I’ve never seen anybody else get it both coming and going the way Clinton does. The latest ploy in the “Get Clinton” war is to point out that the man had not vetoed a single bill until Wednesday - unlike ol’ Harry Truman, who vetoed up a storm.

Excuse me, but since no one else seems to have noticed, Clinton had a Democratic Congress during his first two years in office, and until the health care fiasco (hundreds of millions of dollars were spent by special interests to beat that one), he got what he wanted out of Congress: family leave, AmeriCorps, his budget, which led to two solid years of steady economic growth, etc.

Now, six months into the new Republican Congress, the House of Representatives has passed a bunch of bad bills that only now are working their way through the Senate and giving Clinton something to veto.

The other favorite “Get Clinton” topic is Bosnia.

The clever ones say Clinton’s Bosnia policy is terrible; the cleverer ones say, “What Bosnia policy?”

Excuse me again. Can anyone up here criticizing Clinton tell us just what the hell we can and should do about Bosnia?

Nope. Nobody has an answer - because there isn’t one - but everybody sure is willing to kick Clinton for not finding it.

“Weak on foreign policy,” says Sen. Jesse Helms, R-N.C., that shining lamp of knowledge on the rest of the world, who also declares that Clinton is unfit to be commander in chief.

Well, let’s see. He has brought home the American soldiers who had been sent to Somalia by George Bush. He has brought peace to Haiti, which everybody said was flat impossible. He hasn’t sent the Marines anywhere so he can look tough and they can sit in a barracks where they can be blown up by terrorist bombers. Having failed to do that, he has not had to invade some country the size of Grenada and whip it in a fair fight to take everybody’s minds off all the dead Marines. And he is the toughest president we’ve ever had in dealing with postwar Japan.

All by himself, without any Republican Congress to help, Clinton has cut billions out of the federal deficit and downsized government by tens of thousands of workers. He and Vice President Al Gore have fixed the Pentagon procurement system so the folks in uniform can go out and buy their hammers from Wal-Mart instead of paying $650 a copy for the tools.

Without a lick of help from Republican presidential candidates Bob Dole of Kansas and Phil Gramm of Texas, Clinton has put 100,000 more policemen on the streets - something the Republicans are planning to undo.

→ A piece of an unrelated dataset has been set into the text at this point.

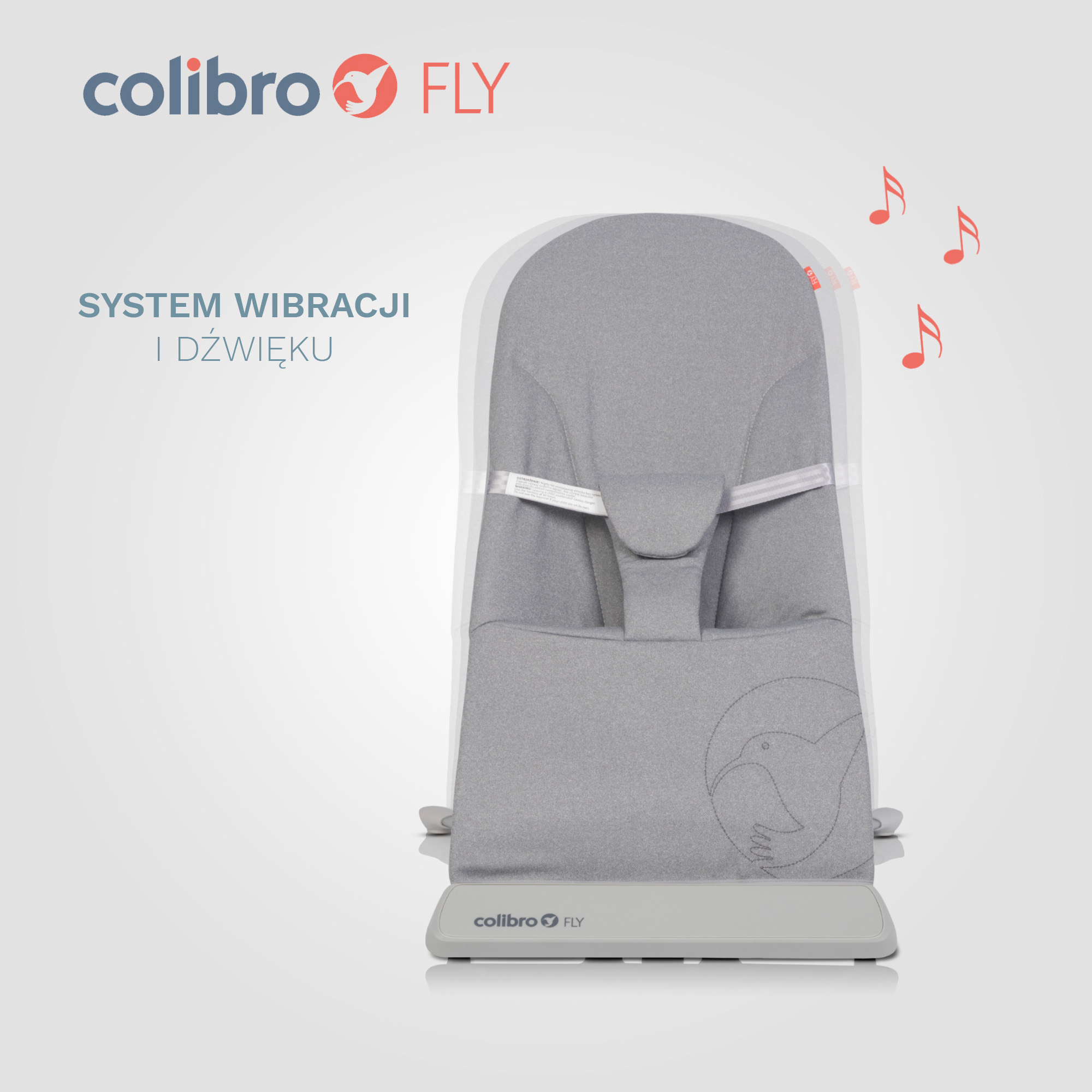 Ležacului FLY, marca COLIBRO, îi este atașat un panou electronic cu un difuzor încorporat, astfel încât odihna copilului să fie însoțită de nouă melodii plăcute. Reglarea volumului și funcția suplimentară de vibrație delicată îl ajută pe copil să adoarmă, iar ție îți oferă ocazia să savurezi o cană de cafea în liniște după o zi obositoare. Panoul este alimentat cu baterii, deci nu trebuie să te îngrijorezi de lungimea cablului sau de distanța față de priză.
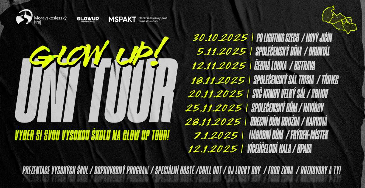 Glow Up UNIVERSITY TOUR je určena žákům posledních ročníků středních škol, kteří zvažují přihlášku na vysokou školu. Všechny akce probíhají v dopoledních hodinách, a jsou zdarma. „Kromě prezentací univerzit, kariérových poradců a odborníků z praxe tvoří důležitou část programu i mladí úspěšní lidé z regionu. Podělí se o své příběhy, aby ukázali, že za zajímavou kariérou není nutné jezdit jinam. Programem provází influencer Lukáš Souhrada, který středoškoláky moderní formou oslovuje na sociálních sítích coby DJ Lucky Boy,“ řekl hejtman Moravskoslezského kraje Josef Bělica a upřesnil, že mezi řečníky z řad mladých bude například lékař Martin Palička, odborník na AI Dalibor Mráz nebo úspěšná influencerka a moderátorka Vindy Krejčí.

He also has put two decent people on the Supreme Court without anyone saying they’re either nut cases or personally obnoxious.

We wouldn’t be having this screaming match about Medicare if Congress had voted for Clinton’s managed health care plan. (Do you just love hearing the Republicans talk solemnly about getting everyone into health maintenance organizations now? Where have we heard that before?)

If Congress had voted for Clinton’s health care plan, we could reform the welfare system now so we could get recipients into jobs instead of pushing them onto the streets.

But can you find a soul in Washington who has a good word to say about the man? The guy is criticized for every single thing he does and every single thing he does not do. Dole managed to sneer at Clinton on television last week twice in the span of one minute for being too tough and not tough enough in Bosnia.

Now, it is clearly true that Clinton does not like to make people mad. He’s not a joy-of-battle fellow. He’s a compromiser, a persuader, a consensus-type guy. Like all politicians, he likes to be liked. He does not like to polarize people.

Normally, that’s advisable political conduct. But the nation seems to be, in the jargon of psychobabble, addicted to anger these days. The “hottest” figures of the day are indeed hot; they’re good at pushing people’s buttons, stirring them up, making them mad as hell at somebody.

I still believe that if Clinton keeps plugging away at making government work better, somebody’s bound to notice sooner or later.